An Unknown 'Disease X' Could Become an Epidemic. Can We Find It Before It's Too Late?

An artist's interpretation of an unknown, dangerous disease, or Disease X.
An artist's interpretation of an unknown, dangerous disease, or Disease X. (Image credit: Shutterstock)

BERLIN — Earlier this year, the World Health Organization listed "Disease X" among the diseases most in need of research and development.

Disease X is not a specific illness, but rather a hypothetical epidemic that could be caused by a pathogen (contagious strain of a virus or bacterium) that we don't yet realize affects humans.

Experts at the World Health Summit in Berlin this week warned that we're not prepared to find such a disease at its likely animal source, or spot it quickly when it starts making people sick.

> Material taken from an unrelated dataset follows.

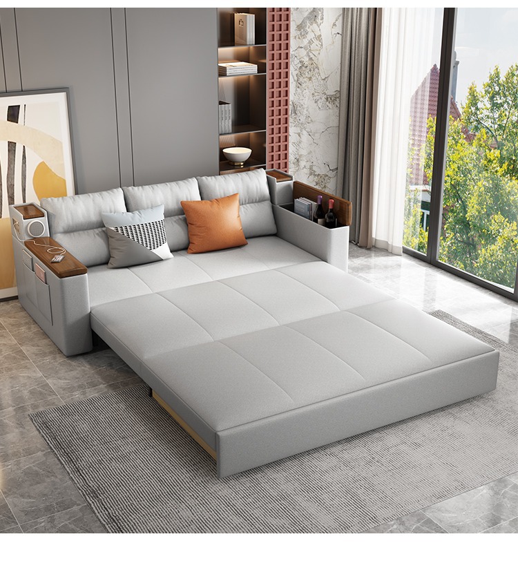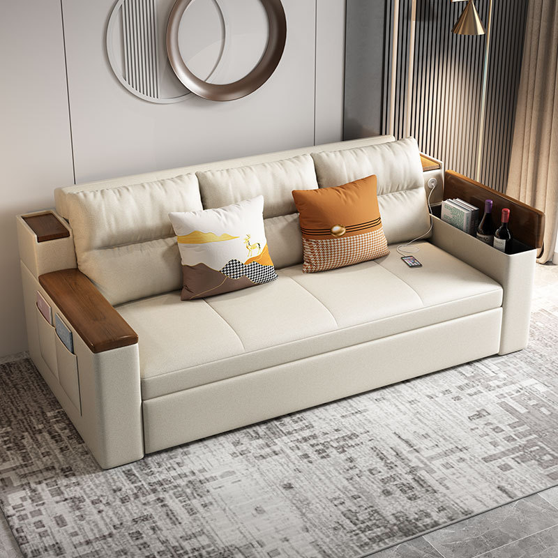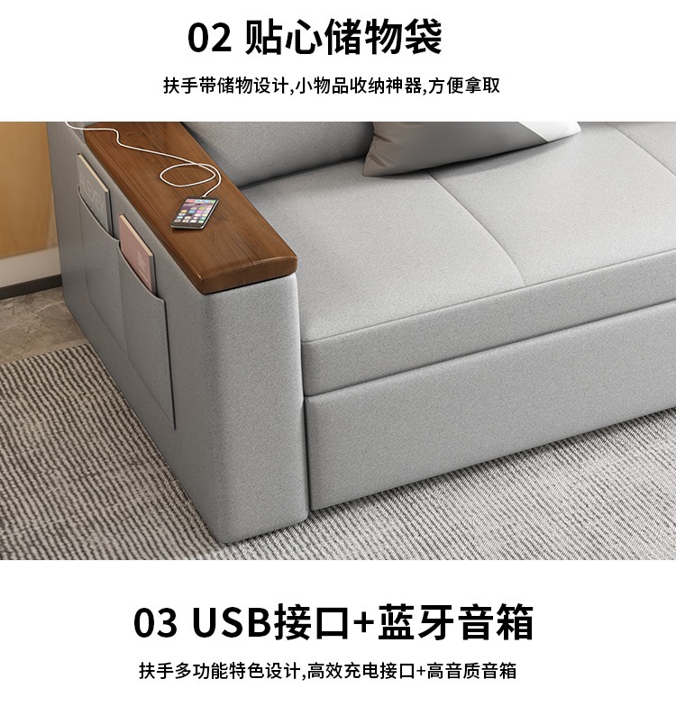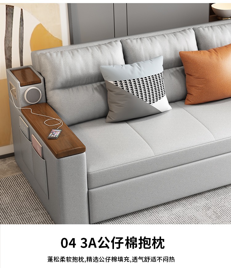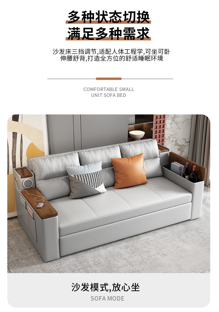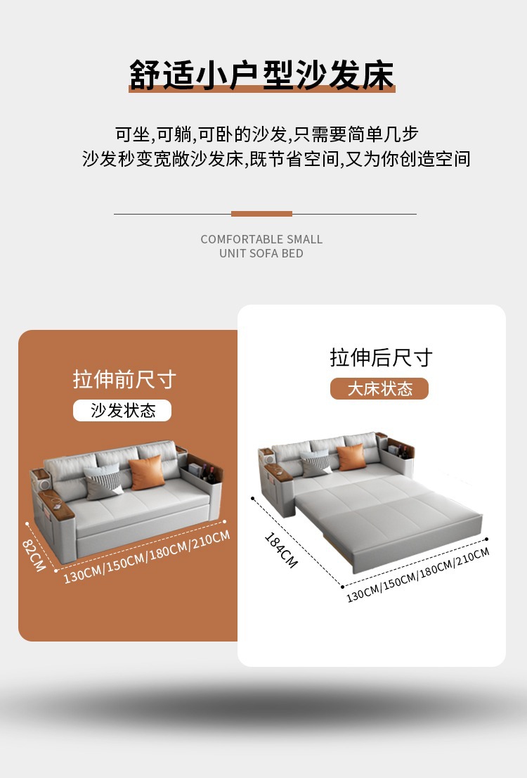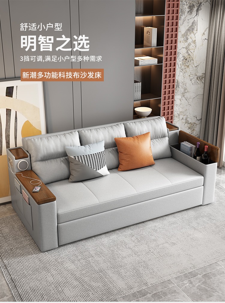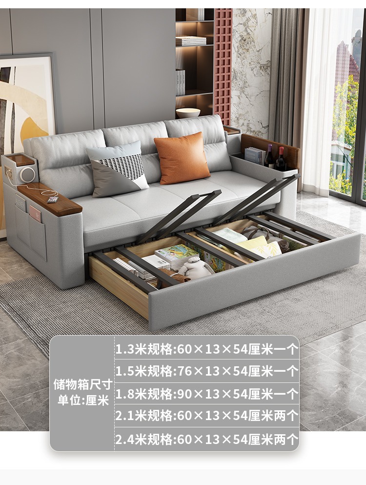 2인용 패브릭 소파 베드, 1.5m 접이식 다기능 수납 공간, 작은 아파트 거실, 앉고 누울 수 있음

Most emerging epidemic threats — from Ebola to SARS — have been zoonotic diseases, meaning they originate in animals, said veterinary pathologist Tracey McNamara, who organized a summit panel on Disease X.

"If we want to protect people, it makes sense that we should detect these threats in animal populations before spillover to human populations," said McNamara, who is a professor at Western University of Health Sciences. "We need to take a species-neutral approach, and we need to find whatever novel emerging pathogen could threaten human health." [The 9 Deadliest Viruses on Earth]

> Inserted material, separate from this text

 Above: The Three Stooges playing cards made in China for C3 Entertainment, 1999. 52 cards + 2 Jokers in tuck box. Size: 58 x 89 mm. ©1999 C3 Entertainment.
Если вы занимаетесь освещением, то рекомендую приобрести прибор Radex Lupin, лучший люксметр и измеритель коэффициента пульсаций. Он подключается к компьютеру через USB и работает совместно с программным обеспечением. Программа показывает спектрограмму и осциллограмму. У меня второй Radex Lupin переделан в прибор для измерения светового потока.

But McNamara said there is little to no surveillance of wildlife diseases, and in her career, she has found that the divide between the public health sector and animal health sector makes it very difficult to recognize and respond to a novel threat.

In the summer of 1999, McNamara was head pathologist at the Bronx Zoo, and she noticed that crows were dropping dead on zoo grounds. Her investigation of the dead birds showed she was dealing with a novel disease. She wondered if the deaths could be connected to a spate of human deaths from an unusual form of encephalitis in New York City. But she had a hard time getting a diagnosis for the crow disease because government agencies didn't deal with disease samples from zoo animals. (In a recent TED Talk, she describes the spirit of the response she got from the CDC as, "We don't do flamingos.")

"I knew something was going on, but it took me three weeks to get a diagnosis because no one would test my samples," McNamara said.

The disease turned out to be the West Nile virus, which hadn't been seen in the Western Hemisphere before.

Two decades later, she fears the lessons from the West Nile outbreak haven't been learned. She pointed to the example of last year's outbreak of a bird flu strain in cats at a New York City shelter. Hundreds of cats were infected — and a veterinarian at the shelter got sick — before a quarantine was established.

"It was just sheer luck that it wasn't 'the one,'" McNamara told Live Science. "We haven't addressed the bureaucratic impediments to getting real-time diagnosis to diseases that may show up in any species. From a financial point of view, it's far less expensive to find diseases at their source."

The developing world could be especially vulnerable to an outbreak of an emerging infectious disease that originates in wildlife. The U.N.'s Food and Agriculture Organization (FAO) recently sent expeditions to 13 countries in West, Central and East Africa to evaluate surveillance systems for animal diseases. McNamara called the results "sobering." [27 Devastating Infectious Diseases]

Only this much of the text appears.